Can i have one processor per filestream input/path? For me it looks like a global setting for the whole filebeat.
(Do i need multiple filestream inputs, or one filestream input with multiple paths in order to be able to assign a different name to the documents coming from the different applications?)

Also i didn't use any ingest pipelines so far. Can you elaborate a bit further how this would work? In combination with filebeat?

I use on-prem and don't have a license, so my workaround was using the index connector instead with a small script that just reads the index and generates the mails, so thats not a problem if the rest works.

I'm currently on 8.7, but i'm ready to upgrade if newer versions solve my problems. Do you have a link to the issue so i can check?

Thank you for the recommendation. I will probably have a look at the tool, but it is kind of sad, that the software which is widely known for log processing and handling needs an external software to trigger alerts in a sensible way.

So i assume ElastAlert2 can trigger alerts on the message level and not only on a treshold in a timeframe?
And can ElastAlert2 send mails by itself, or will it trigger an alert in elastic which needs again a connector? I assume it can send mail, because otherwise you again wouldn't have the message available in the connector, right?

Again, thanks for taking the time.

leandrojmp · July 4, 2023, 4:20pm

Yes, if you use the add_field on the processors part of the filebeat.yml, it will apply the field to every document that the filebeat instances collects.

In this case, if you have multiple filestream inputs in the same filebeat instance, you can also add custom fields on the input level, check the example on this documentation.

Basically you will need this:

- type: filestream
  id: filestream-unique-id
  paths:
    - "/path/to/your/logs/*"
  fields:
    customField: "value"
  fields_under_root: false

I recommend setting fields_under_root to false, so your custom fields will be under the top-level field named fields, so you will have fields.customField.

If they are different applications and the logs are in different paths I would recommend using one filestream for each application.

If you want to use ingest pipelines in elasticsearch to transform data, you can configure it in filebeat, so filebeat requests will tell Elasticsearch to use this ingest pipeline.

Yeah, it is one alternative.
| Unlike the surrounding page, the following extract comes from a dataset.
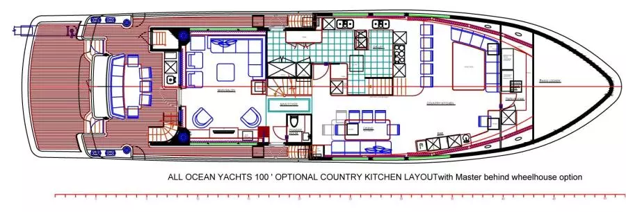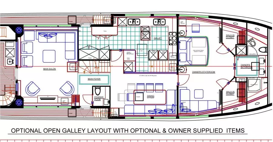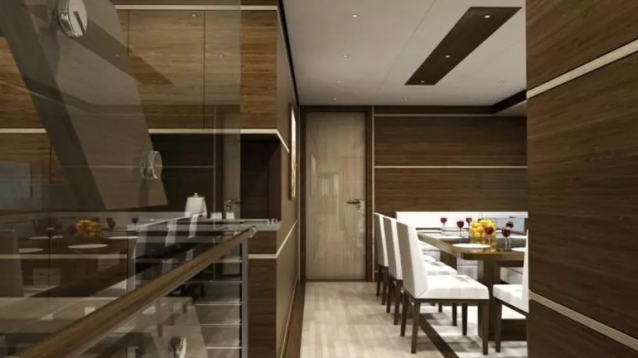 Стандартная планировка главной палубы включает мастер-каюту на главной палубе и закрытую камбузную зону. Альтернативный вариант сохраняет ту же компоновку, но предлагает раздвижную перегородку между камбузом и обеденной зоной, создавая формат открытого камбуза. Также изменяется конфигурация одного из холодильников, духовок и буфета для посуды, что позволяет полностью открыть пространство.
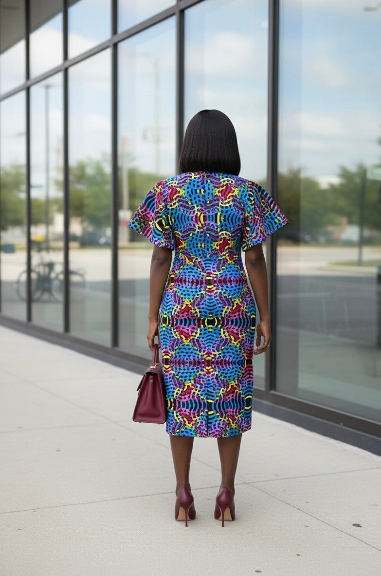 Brighten up your day with the Nala Ankara Midi Dress. This colorful dress features a beautiful mix of patterns and a comfortable fit that moves with you. It is the perfect choice for a sunny brunch, a wedding guest outfit, or a stylish day at the office.

If you want anything with more options you may check ElastAlert2, it was a third-party tool built when Elasticsearch didn't have any alert feature.

If I'm not wrong it was implement on 8.8, I think it is this issue.

Since ElastAlert2 is a third-party tool, it is not supported here, but basically you can create your query on it and select wich fields you want to send on the alert, you can send e-mails, requests to webhooks and other connectors that Kibana Alerts still does not have.

system · August 1, 2023, 4:21pm

This topic was automatically closed 28 days after the last reply. New replies are no longer allowed.